Your answer must be the exact lines from the one with "He spent a year" to the end of the data, both included, with no pictures.
Top of Supplied data
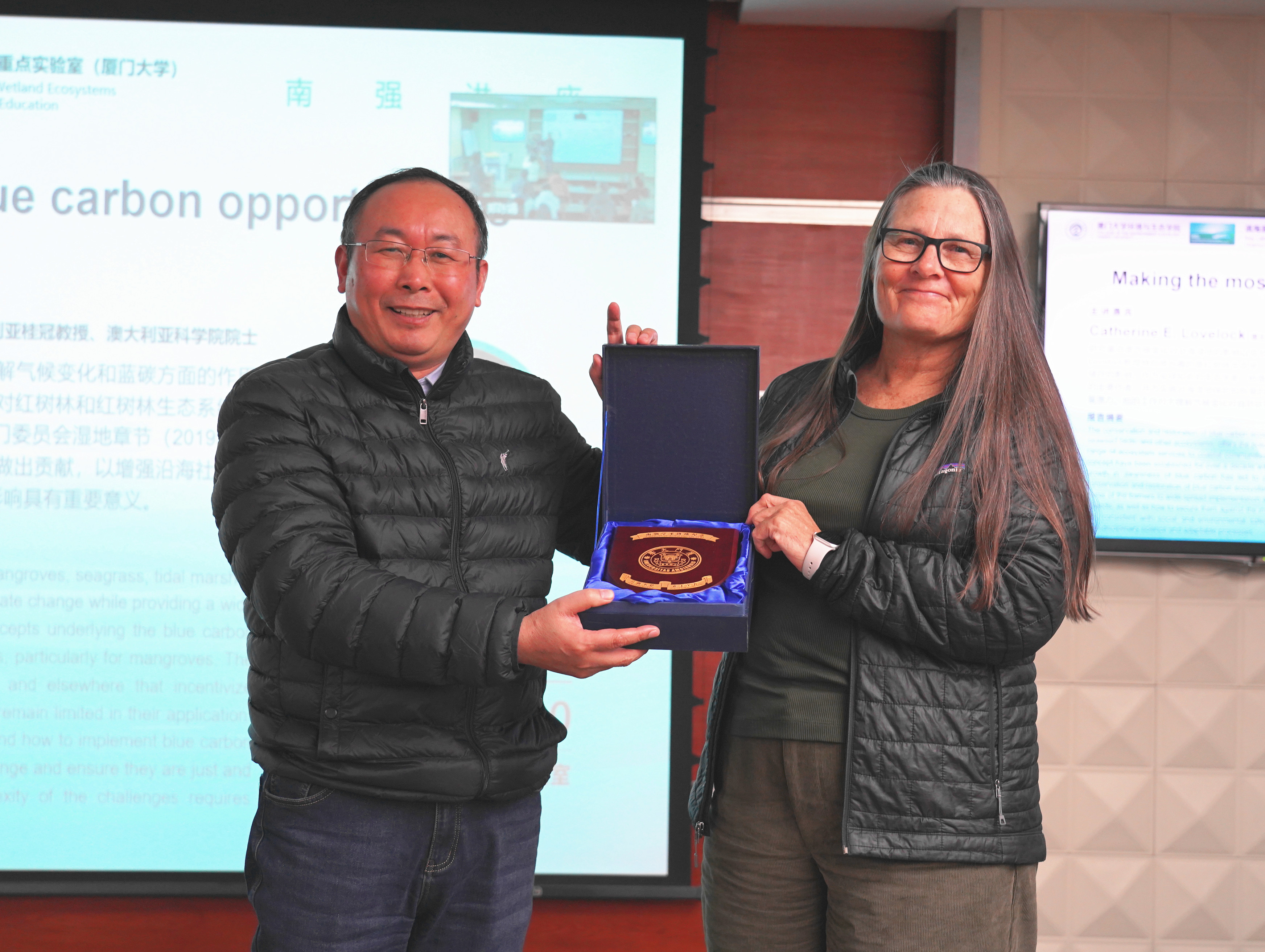 2024年1月23日下午,国际知名专家、昆士兰大学教授、澳大利亚桂冠教授、澳大利亚科学院院士凯瑟琳·洛夫洛克做客厦门大学“南强学术讲座”,在学院A239为师生带来题为“充分利用蓝碳机遇”的专题学术讲座。
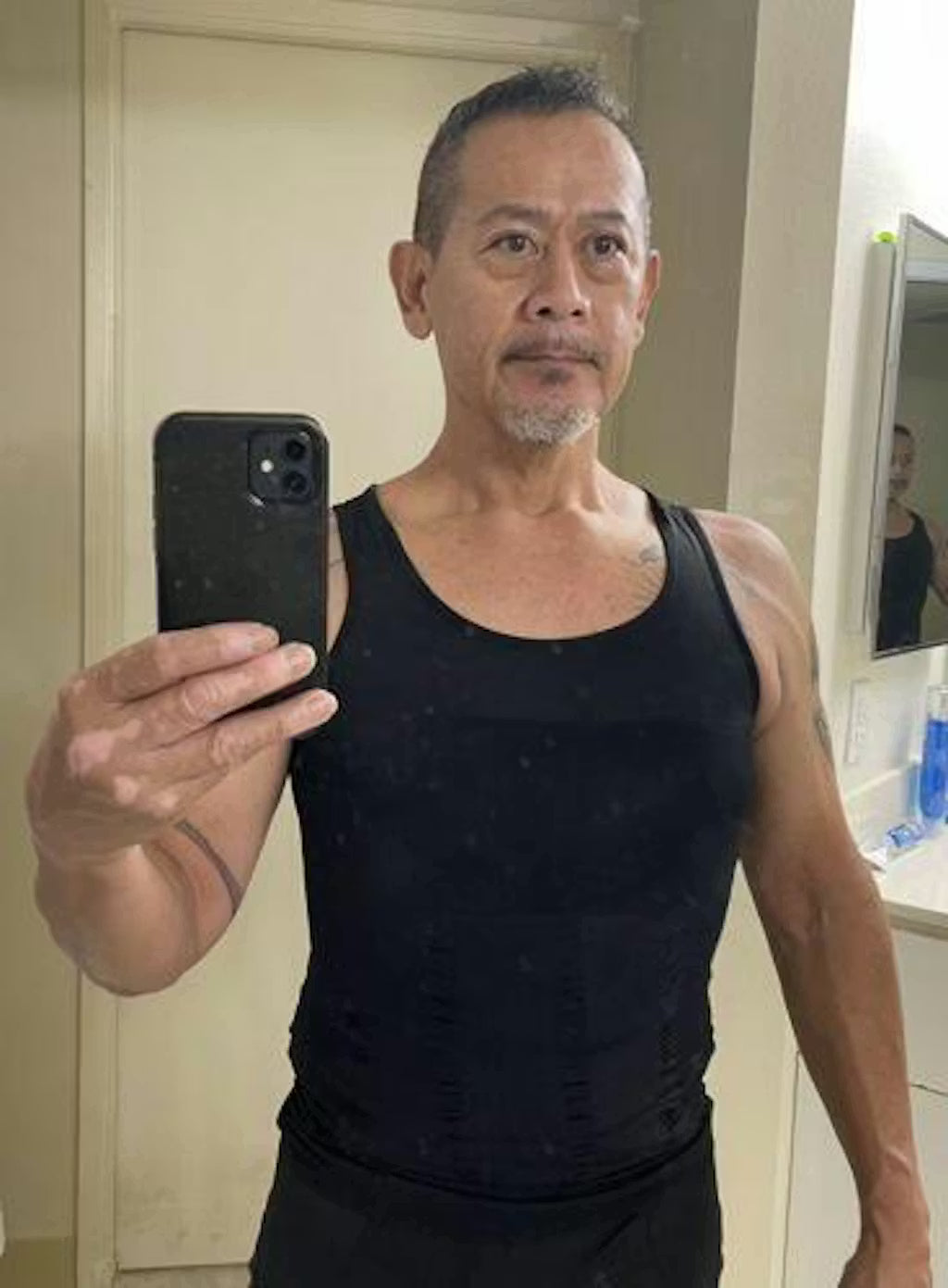 He spent a year developing a tank built specifically around how skinny fat weight is distributed — soft in the middle, undefined on the sides, flat nowhere it matters. The shaper tank he built targets those exact zones, stays invisible under any fabric, and gives you the silhouette that fitted clothes were actually designed for.
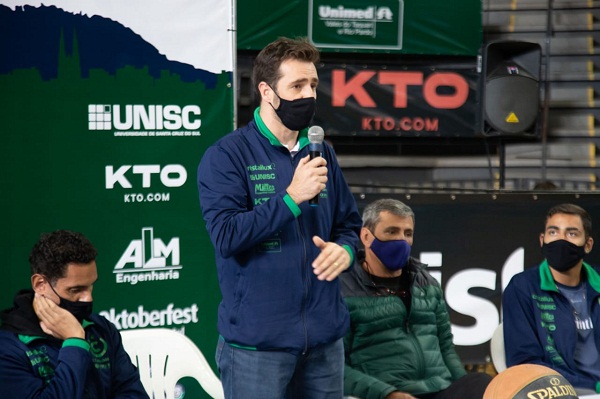 Diretor de basquete Diego Puntel pede apoio dos empresários para viabilizar participação da equipe no Novo Basquete Brasil (NBB) em 2022 – Crédito: Rolf Steinhaus / Riovale Jornal
Bottom of Supplied data
Response box:
 He spent a year developing a tank built specifically around how skinny fat weight is distributed — soft in the middle, undefined on the sides, flat nowhere it matters. The shaper tank he built targets those exact zones, stays invisible under any fabric, and gives you the silhouette that fitted clothes were actually designed for.
 Diretor de basquete Diego Puntel pede apoio dos empresários para viabilizar participação da equipe no Novo Basquete Brasil (NBB) em 2022 – Crédito: Rolf Steinhaus / Riovale Jornal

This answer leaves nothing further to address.